Taxpayers and the general public: federal agencies will avoid contracting with firms that do substantial business with an unrecognized Venezuelan authority, reducing U.S. support for that regime.
People in crisis and humanitarian responders: the law explicitly preserves humanitarian, disaster‑relief, evacuation, and national‑security exceptions so critical aid and emergency missions can continue.
Federal employees and state diplomatic operations: contracts that support U.S. government activities and consular/diplomatic functions are exempted, helping preserve essential embassy and mission operations.
Small businesses and contractors: firms with substantial Venezuelan ties may be barred from federal contracts for up to three years, reducing revenue opportunities and market access.
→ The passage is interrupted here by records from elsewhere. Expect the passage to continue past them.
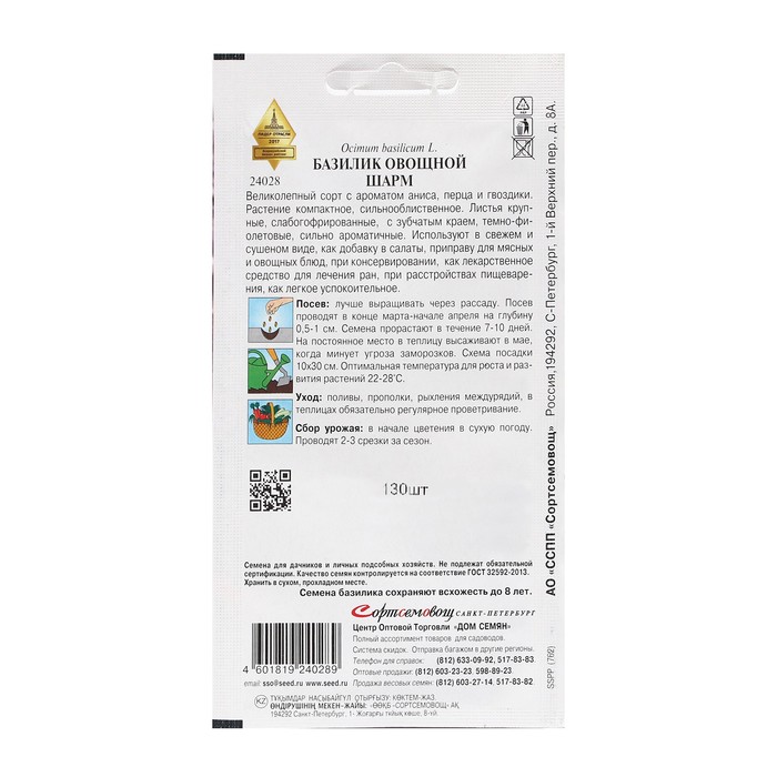 65-70 дней от всходов. Растение высотой 60-70 см, сильнооблиственное. Масса одного растения 210-320 гр. Великолепный сорт с ароматом аниса, перца и гвоздики. Растение компактное, сильнооблиственное, очень декоративное. Прекрасно смотрится на клумбах и рабатках. Листья крупные, слабогофрированные, с зубчатым краем, темно-фиолетовые , сильно ароматичные. Используют в свежем и сушеном виде, как добавку в салаты, приправу для мясных и овощных блюд, при консервировании, как лекарственное средство для лечения ран, при расстройствах пищеварения, как легкое успокоительное.
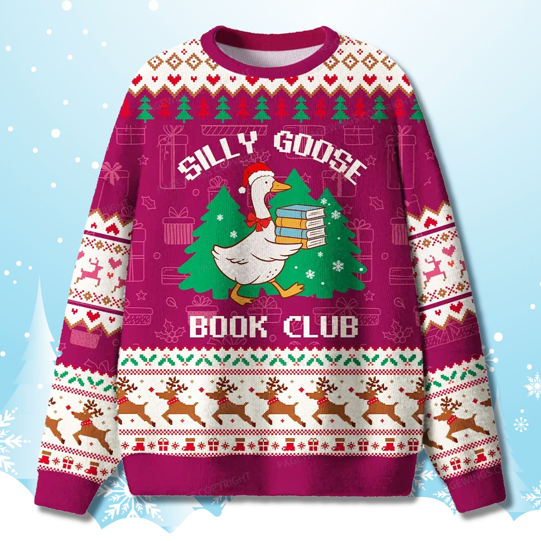 Join the Coziest Club This Christmas! This holiday, wear your love for books and your fun personality on your sleeve. It’s the perfect uniform for holiday reading sessions or your next festive get-together. Don’t be a silly goose- order your Silly Goose Book Club Ugly Christmas Sweater today and get cozy for Christmas!
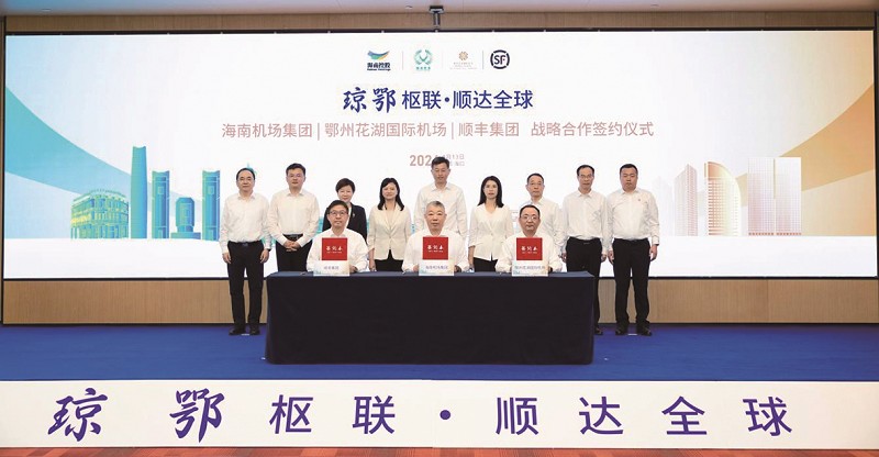本报讯(记者王伟 黄裕光 云蕾)4月13日,海南控股旗下海南机场集团有限公司(以下简称海南机场集团)与湖北国际物流机场有限公司(以下简称鄂州花湖机场)、深圳顺丰泰森控股(集团)有限公司(以下简称顺丰集团)在海口举行战略合作协议签约仪式,开启三方协同发展、共筑全球航空物流网络的全新篇章。

Small-business owners and taxpayers: companies relying on federal work will face added compliance costs, uncertainty from determinations requiring State concurrence, and potential retroactive impacts on contracts.
Taxpayers and federal contractors: the statute allows executive discretion and broad waivers, which could produce inconsistent application or political influence over who is barred or allowed to contract with the government.
Based on analysis of 2 sections of legislative text.
Introduced April 1, 2025 by Richard Lynn Scott · Last progress April 1, 2025
Bars federal procurement contracts with persons who knowingly do significant business with Venezuelan government authorities not recognized by the U.S., with specific exceptions and waivers.
Prohibits federal executive agencies from entering into procurement contracts with persons the agency head (with the Secretary of State's concurrence) determines knowingly conduct significant business operations with a Venezuelan government authority that the United States does not recognize. The prohibition lasts for three years from enactment but includes specific exceptions for humanitarian and disaster relief, noncombatant evacuations, U.S. national security interests, U.S. government activities in Venezuela, international organizations, OFAC‑licensed persons, and operation/maintenance of U.S. consular or diplomatic posts; the Secretary of State may also waive the ban for national interest and must notify Congress when certain exceptions are used.